Signal transmission speeds are now entering the gigahertz range and understandably, considerable attention is now being paid to signal integrity. The primary objective of most research is to extract the dormant power of semiconductors. For example, while current processors operate at nearly 4 GHz, unfortunately PCB performance is nominally limited to 800 MHz. Those limits are set by a combination of design and manufacturing issues. Addressing this issue is a complex challenge, especially when the demands of cost and performance collide. This challenge will likely loom larger as the electronics industry moves forward and, increasingly, signal integrity will reside at the heart of potential solutions.

The most intimidating signal integrity challenge is manufacturing. The reasons are manifold. For example, the natural variation of traditional manufacturing and assembly processes is a formidable foe.
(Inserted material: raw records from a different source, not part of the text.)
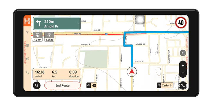 The included 3-year Hema Nav subscription covers live traffic, quarterly map updates via Wi-Fi, over 1.8 million Points of Interest including campsites, fuel stops, and caravan parks, 75 million kilometres of mapped roads and tracks, day and night display modes, track recording, and map customisation. Access to the Hema 4WD Maps app is available with a separate subscription, providing digitised Hema printed maps, regional 4WD content, route plotting, and Memory-Map integration.
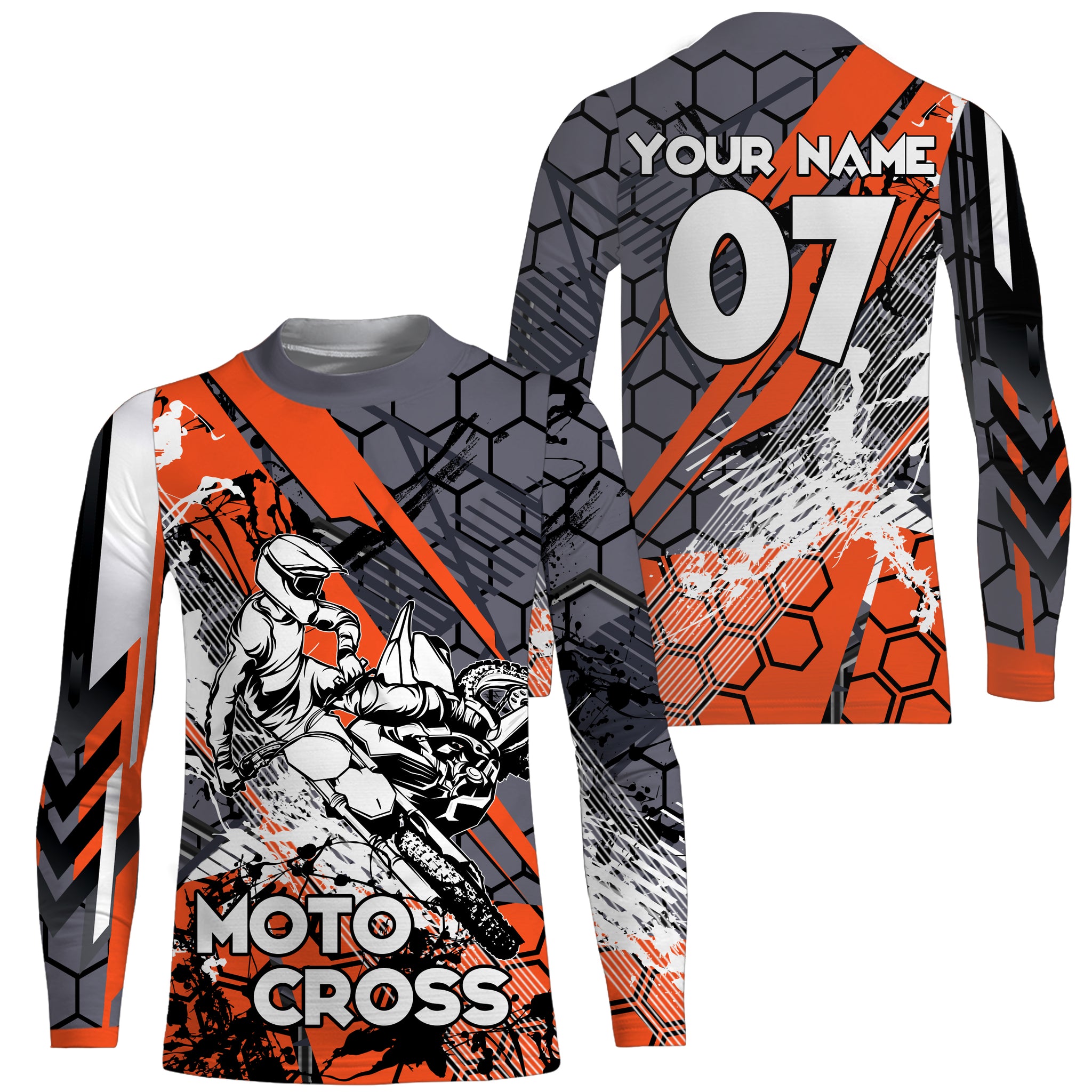 Custom Motocross Jersey Men Kid Women UPF30+ Orange MX Riding Dirt Bike Shirt Off-Road Motorcycle PDT600
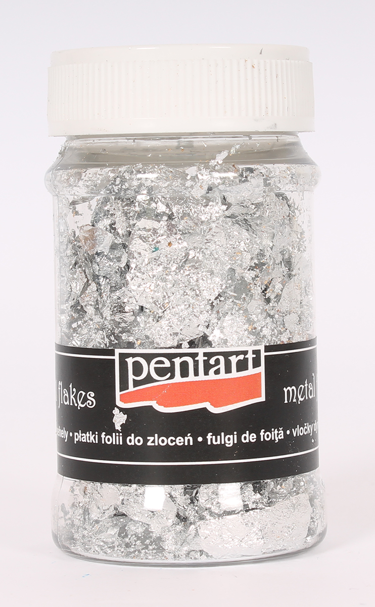 Vločky z metalické fólie v zajímavých barevných kombinacích, na vytvoření pozlaceného povrchu s mramorovým efektem. Na závěrečné přelakování použijte lesklý syntetický lak.

Even very small variations in material properties and dimensions or of circuit features can degrade a signal. So signal integrity will be increasingly important, but what is it really?

Perhaps signal integrity can be most easily summarized as the ease or degree to which a transmitted digital signal can be deciphered as to whether it represented a 1 or a 0 when sent—a simple definition but not a simple task. Ascertaining signal integrity using current design and manufacture methods often requires a skilled engineer and exotic software. The problem lies with the fact that circuit materials, design approaches, and manufacturing processes are far from ideal for high speed. For example, competition for routing channels on PCBs having many signals of various strengths and proximity traveling through them translates to lots of coupling and that creates noise and degrades signal integrity.
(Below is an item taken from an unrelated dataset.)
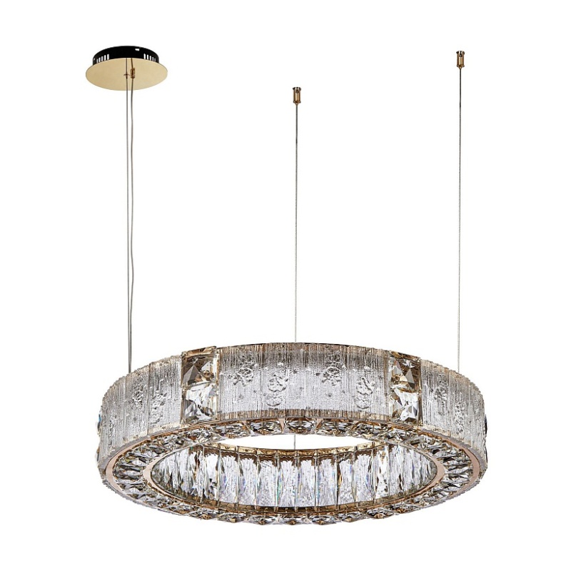 Каркас в цвете матовое золото, декор из матового рельефного стекла цвета шампанского по Муранской технологии, вставки из хрусталя в коньячном цвете, регулируемая высота.
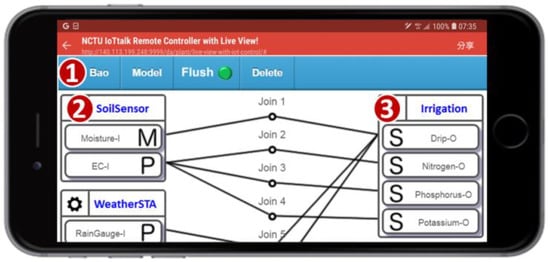Another category of sensors is comprised of those inserted in the soil, and includes moisture, temperature, electrical conductivity (EC), and pH sensors. Multiple sensors of the same type are deployed in every farm area. Several actuators are used in AgriTalk, including the drippers, the repellent bulbs, the pest sprayers, and so on. The total number of deployed sensors and actuators are over 100 in the farm fields investigated in this paper. In AgriTalk, these sensors are connected to the actuators through a web-based, user-friendly graphical user interface (GUI). The AgriTalk GUI allows for the creation of smart farm tasks in a smartphone (Figure 2). These tasks are developed in several simple AgriTalk projects. In AgriTalk, the data generated from a sensor can be used in different projects, and an actuator can be controlled by multiple independent projects at the same time.

Solve the noise problem and there are still a host of other gremlins in the system. For example, there are a range of manufacturing artifacts to deal with, including inconsistencies in dielectric properties and trace width, variation in circuit spacing, even copper roughening treatments, which impact signal integrity often in only a minor way. The additive effect of these once minor issues will, at higher speeds, adversely affect signal integrity by introducing changes in impedance and capacitance. Moreover, long time design and material concerns of resistance, dielectric loss, conductor loss, signal skew, and more recently the electronic stubs associated with plated vias, all take a toll, making it difficult to predict and design for reliable performance.

One path through the maze is to segregate the high-speed interconnections from the low-speed power and ground, routing them separately in materials that can be more easily controlled, like microstrip cables. These can then be routed from the top of one package to the top of another. No special skills are required to analyze the signal because simple and ubiquitous tools easily predict the results. It's a very compelling idea that cuts to the heart of the signal integrity challenge. Moreover, it has already been demonstrated in the laboratory. The lab prototype provided sufficient signal integrity to transmit a signal nearly 3X the manufacturers specified distance, through two connectors, with a 60% margin.
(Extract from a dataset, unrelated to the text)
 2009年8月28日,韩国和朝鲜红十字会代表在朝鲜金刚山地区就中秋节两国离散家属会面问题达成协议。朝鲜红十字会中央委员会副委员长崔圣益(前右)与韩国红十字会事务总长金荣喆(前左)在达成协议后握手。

The surprise, however, was doing so using less than 2% of the anticipated power. With the growing concern over energy use, this largely unexpressed benefit of signal integrity seems too compelling to ignore. Power reduction is a far-reaching benefit that every product can enjoy, from handheld devices to supercomputers. A clean, well-designed signal channel even allows for the reconsideration of how ICs are designed because the I/O driver complexity can be reduced. Additional power savings are anticipated here as well, because with lower I/O voltage comes lower core voltage and power also.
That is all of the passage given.